American journalist, film critic (born 1966)

Anthony Oliver Scott (born July 10, 1966) is an American journalist and cultural critic, known for his film and literary criticism. After starting his career at The New York Review of Books, Variety, and Slate, he began writing film reviews for The New York Times in 2000, and became the paper's chief film critic in 2004, a title he shared with Manohla Dargis. In 2023, he moved to The New York Times Book Review.

==Early life and education==
Scott was born on July 10, 1966, in Northampton, Massachusetts. Both of his parents were professors. His mother, Joan Wallach Scott, is the Harold F. Linder Professor at the School of Social Science in the Institute for Advanced Study in Princeton, New Jersey, and has Jewish origins. His father, Donald Scott, was a professor of American history at the City University of New York. He is a great nephew of the married acting couple Eli Wallach and Anne Jackson (his maternal grandfather was Eli's brother). He attended public schools in Providence, Rhode Island, including Classical High School, before graduating magna cum laude from Harvard College in 1988 with a degree in literature.
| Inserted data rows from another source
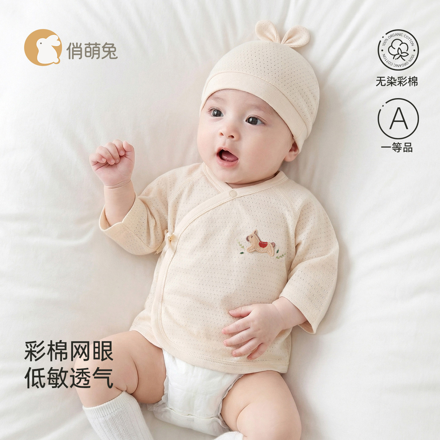 俏萌兔半背衣初生婴儿衣服a类纯棉52码 宝宝和尚服 新生儿上衣48码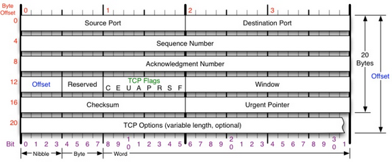 Offset:给出首部中32 bit字的数目,需要这个值是因为任选字段的长度是可变的。这个字段占4bit(最多能表示15个32bit的的字,即4*15=60个字节的首部长度),因此TCP最多有60字节的首部。然而,没有任选字段,正常的长度是20字节;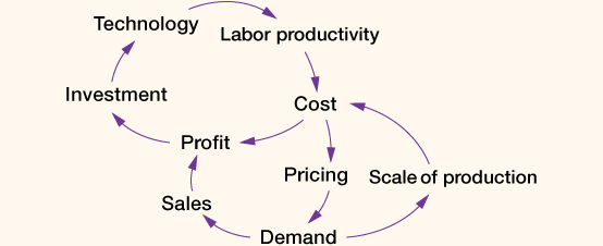 Today's economies are structured with self-reinforcing feedback loops in which profits and labor productivity continue to increase. For example, technology boosts labor productivity, cost reduction from the saved effort to leads to greater profit, profit leads to investment, and investment lead to further technological development, which increases labor productivity. Similarly, if costs decline, prices can also be reduced, which increases demand, which increases sales and profits. This is another self-reinforcing feedback loop. Next, if demand increases, the scale of production will increase, which reduces costs, which reduces prices, which increases demand, creating another self reinforcing feedback loop. With a number of interlinked feedback loops like these, the economy continues to grow.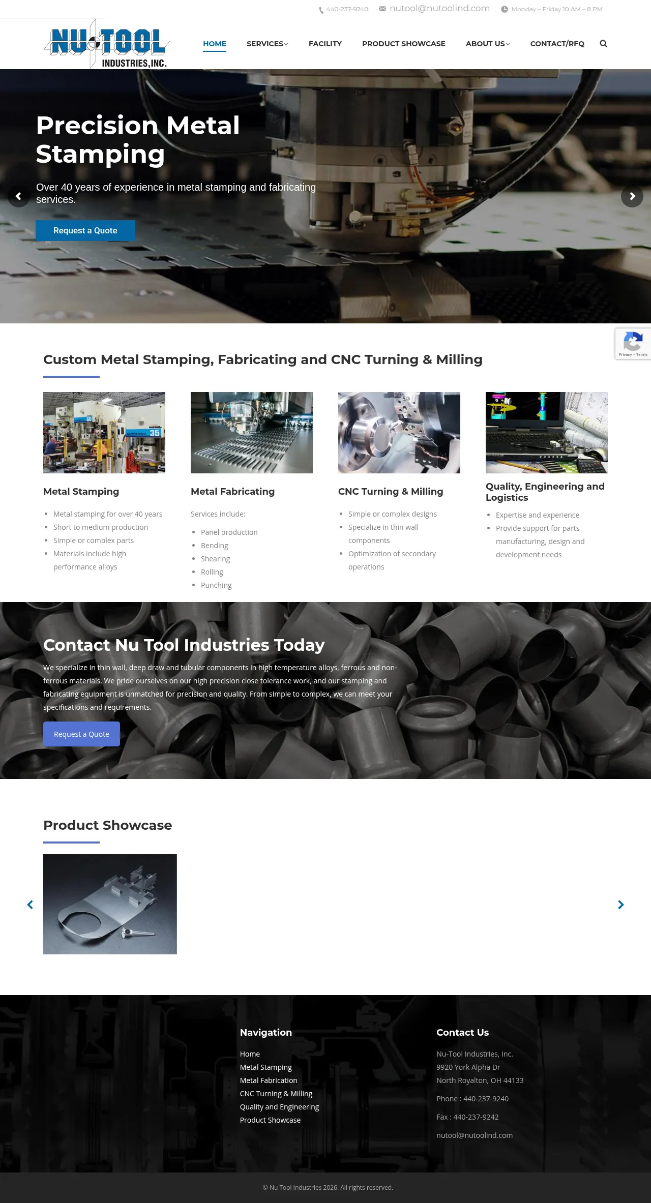 Nu-Tool Industries is a precision manufacturing facility with over 40 years of experience specializing in metal stamping, fabrication, and CNC machining. The company provides design, development, and production support for components ranging from simple to complex, with particular expertise in thin-wall, deep-draw, and tubular parts. They serve a wide array of sectors including aerospace, defense, energy, medical, and consumer goods. Combining modern metal forming technology with precision secondary machining, the company is equipped to manage short to medium production runs. Their facility offers a comprehensive tool room and support equipment capable of handling high-temperature alloys and various ferrous and non-ferrous materials.

Asked what pointed him towards film criticism, he says "looking back, there was a decisive moment or period that kind of maybe, although I didn't know it at the time, set me on the path toward film criticism. It was probably – when I was 15 years old, my mother had a work obligation that took her to Paris for a few months... And she took me with her. And it was just the two of us in a little apartment. And she was working all day, and I didn't know anybody, and was just sort of a lonely teenager. And so I went and took French classes in the morning. And then in the afternoon, I just sort of had the freedom of the city, which was great. And one of the things that I found myself doing was gravitating toward these little independent movie theaters that are kind of scattered across the Left Bank. They showed a lot of old American movies. And so I went a few times a week, whenever I was bored, which was a lot, and just sort of wandering in off the street."

==Career==
===Print===
Scott began his career at The New York Review of Books, where he served as an assistant to Robert B. Silvers. Scott then served as book critic for Newsday, while also serving as a contributor to The New York Review of Books and Slate. In 1993, he wrote television reviews for Variety, using the name Tony Scott.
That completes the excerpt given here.